Venimos de un modelo de tradición judeocristiana en el que el padre era un hombre que realizaba la función paterna, entendida como aquella relacionada con la autoridad, que introducía la norma y los límites, facilitando de este modo la inscripción del hijo en el mundo social. Por otra parte, la madre se correspondía con una mujer que hacía la función materna, es decir, se dedicaba a proveer a los hijos del afecto y cuidados necesarios. Podemos decir que este modelo, si bien aún pervive en nuestro imaginario colectivo, ha dejado de ser predominante. La familia «normal» está marcada por la diversidad y por ser fluctuante en el tiempo. Un niño puede tener diversas figuras que realicen la función de autoridad y la función de cuidados a lo largo de su desarrollo. La reconfiguración del sistema de género ha llevado además a que estas funciones ya no estén claramente asociadas a un hombre o una mujer. Se trata de avances sociales de primer orden que debemos reivindicar y en los que es fundamental profundizar

Pero en estos nuevos tiempos deberíamos preguntarnos por el déficit que frecuentemente se observa en la introducción de la autoridad y los límites adecuados en la relación con los hijos. Existe una queja generalizada alrededor de las dificultades existentes para sostener la autoridad en las familias y en las escuelas. Nuestra sociedad está cambiando mucho y rápidamente; las grandes instituciones de referencia están en cuestión, vivimos en contextos caracterizados por la transparencia en los que la línea que separa lo público de lo privado se está difuminando, internet favorece la horizontalidad de las relaciones, los jóvenes ocupan la centralidad social y la adultez está dejando de generar deseabilidad social. En este nuevo sistema relacional parece que el prohibir, poner límites y establecer normas es una labor que ha perdido prestigio, convirtiéndose progresivamente en un nuevo tabú.

Sin embargo, esa función de autoridad sigue siendo esencial en el desarrollo madurativo del humano e invocarla es una necesidad en un contexto en el que prima el acceso a la satisfacción sin límite.
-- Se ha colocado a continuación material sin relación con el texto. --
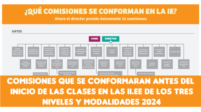 Cada año las instituciones educativas públicas del país tiene que conformar doce comisiones o comités que son liderados por el director, pero con participación de los integrantes de la comunidad educativa. A qui les compartimos las comisiones y quienes los integran:
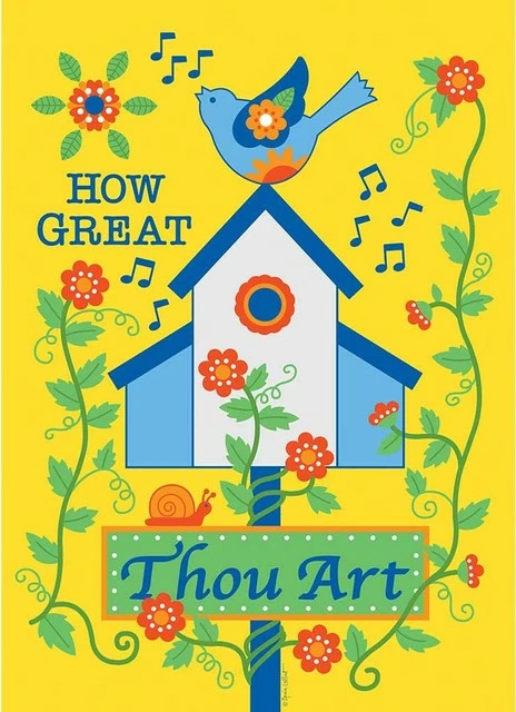 The words “How Great Thou Art” are paired with a colorful garden scene showing a bird, perched on a birdhouse and singing God’s praises, on this vibrant garden flag. Size is 13″ wide x 18″ high. The design is on both the front and back of this double-thickness applique flag. It’s heavier and longer lasting than most flags, using a sturdy weather-resistant polyester. Applique stitching is nicely detailed. (Flagpole not included.) Note: Flag will its retain color and beauty for years if displayed in shade or semi-shade, and is rainproof.
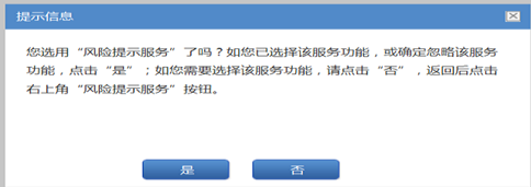 8、 點擊“申報”按鈕再次給出風險提示服務的相關提示,選擇“是”繼續申報,選擇“否”則返回列表頁面,繼續選用“風險提示服務”后再申報。

Massimo Recalcati nos advierte de que son perversos los que pretenden desmantelar la ley de los humanos para entregarnos a la ley del goce. Con frecuencia vemos cómo la frustración adecuada no es percibida como un elemento de crecimiento, sino como un daño infligido a los hijos. Pero no olvidemos que madurar necesariamente duele; es asumir que no todo es posible y que, a fin de cuentas, ninguno somos excepcionales en una comunidad de iguales.
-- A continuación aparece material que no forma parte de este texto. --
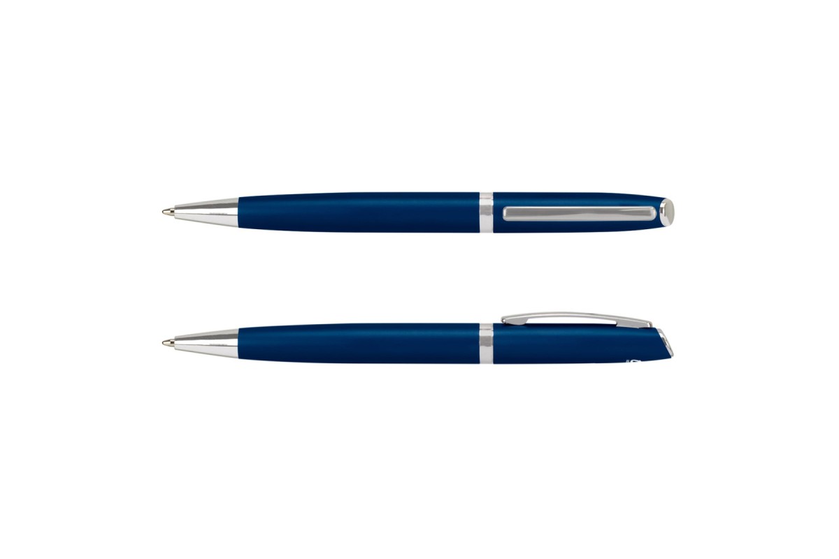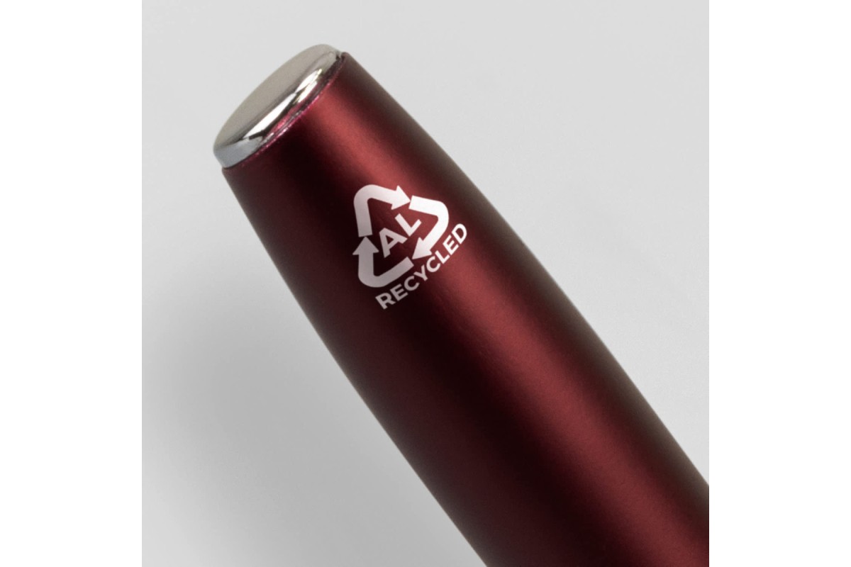 Twist-action ballpoint pen with a recycled aluminium barrel featuring a matte lacquered finish and shiny chrome trim. It has a blue refill with 1200 metres of German manufactured Dokumental ink. A recycled symbol is engraved at the top of the barrel and can be presented in an optional pen sleeve.
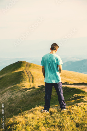 road, mountain, man, boy, hiker, path, forest, infused, landscape, hill, way, travel, nature, high, summer, rough, slope, meadow, blue, background, tree, view, field, rural, countryside, walk, route, mount, curve, uphill
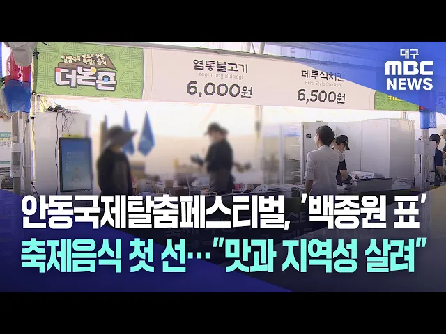 ◀앵커▶한국 최대 전통문화축제인 안동국제탈춤페스티벌이 개막했습니다.올해는 볼거리뿐만 아니라 먹거리도 풍성하게 준비됐습니다.백종원 대표의 더본 코리아가 직접 축제 메뉴 개발에 뛰어들었기 때문인데요.단순히 맛만 챙긴 게 아니라, 탈춤 노랫말에서 영감을 받은 음식들로 구성돼 축제의 정체성도 잘 살렸다는 평가...

Reivindicar la autoridad, la necesidad de prohibir o de establecer límites no debería ser un ejercicio melancólico, una mirada nostálgica a un pasado utópico que realmente no existió. Vivimos ya en otra era y el contrato social debe ser revisado a la luz de los nuevos tiempos. Pero todos y todas deberíamos implicarnos en su cumplimiento a través de nuestro compromiso ético y la transmisión de este a las nuevas generaciones. Ese legado moral es el que les permitirá vivir en una sociedad respetuosa con la igualdad y el conocimiento.